I know that sounds absolutely crazy, but that's the market! Unfortunately, though, areas like this are highly competitive, and I spent 6 months writing offers, getting outbid, losing deals, and otherwise really getting nowhere—until, of course, this place came up. It was priced significantly under market value; the owner was an out-of-area investor who had no idea what it was worth, and the agent didn't specialize in the area either. So, they just kind of threw it up at a price that they thought it was worth.

So, I swooped in and got my offer accepted before anyone else was able to see it. At the time, I estimated it was probably worth about $675,000, and I was able to buy it at almost $100,000 under market value.
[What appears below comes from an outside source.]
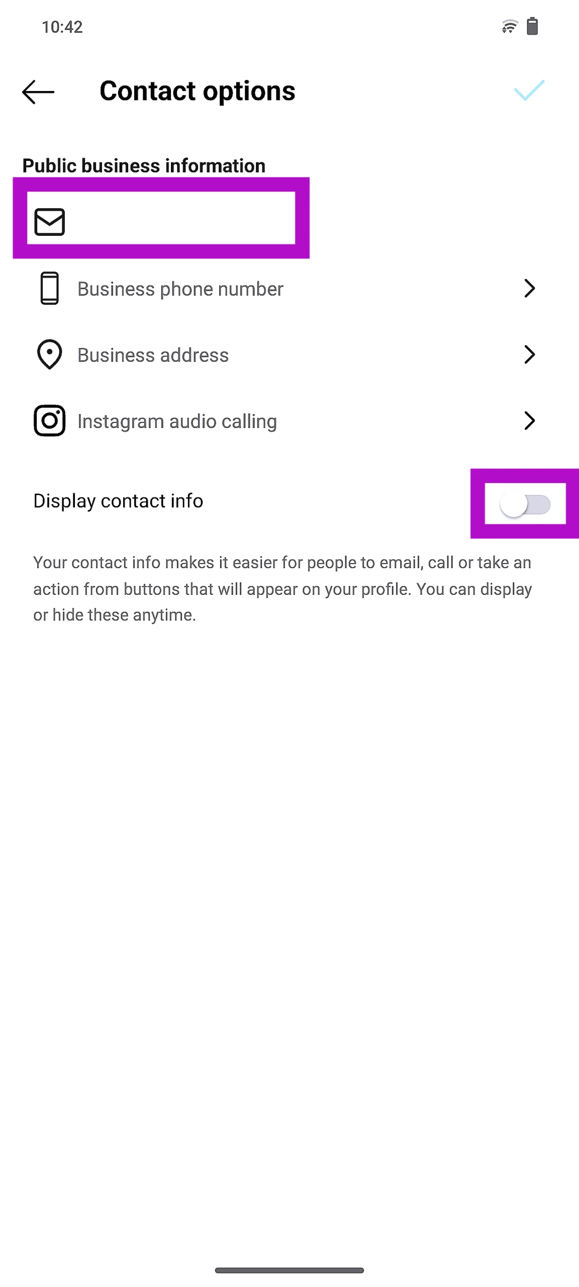 Lisää sähköposti Instagram -bioon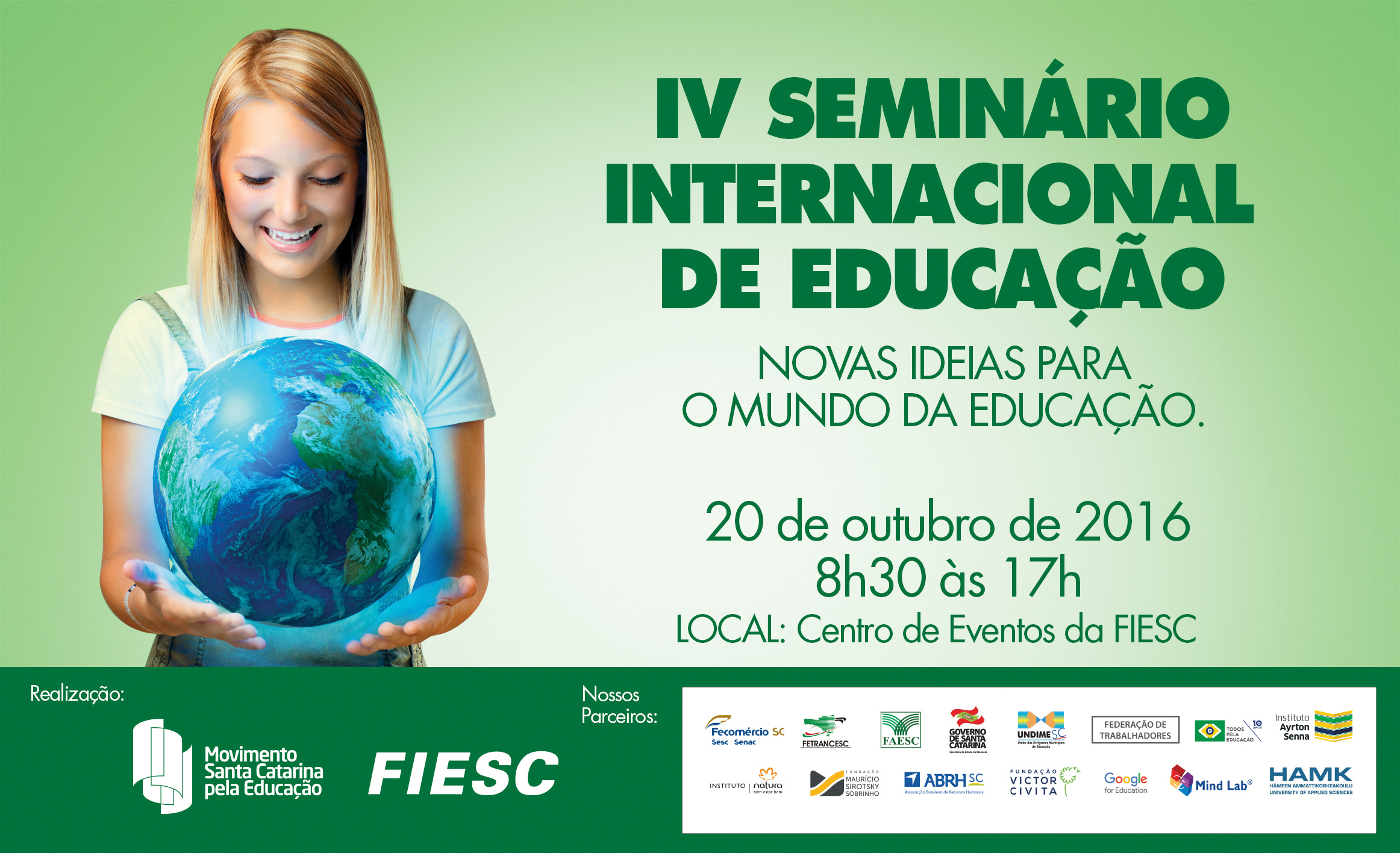 Florianópolis, 13.10.2016 – A Federação das Indústrias de Santa Catarina (FIESC) realiza nesta quinta-feira, dia 20, a quarta edição do Seminário Internacional de Educação com especialistas dos Estados Unidos, Chile e Colômbia. O evento, promovido por meio do Movimento Santa Catarina pela Educação, abordará neurociência e iniciativas da América Latina para elevar a qualidade dos sistemas educacionais.

Now, it definitely needed a decent amount of work, so I spent another $60,000 fixing up the unit, redoing the roof, redoing all the landscape, and then by the time I was done, I realized, “Wait a second! I could live here, and the rent from the other unit would subsidize my cost!” Not to mention, I'm building equity, and I'd be able to use the garage as a tax write-off if I added that as my office.

So, it became a very easy decision to move in. I was also able to renovate the unit next to me for another $130,000 when the tenant moved out, and by doing so, I was able to get a much higher rent than I could before. So, all in all, this is a property that I was able to buy for $585,000. I spent $210,000 fixing it up over 2 years, and now it's worth about $1,350,000 and rents for about $6,000 a month.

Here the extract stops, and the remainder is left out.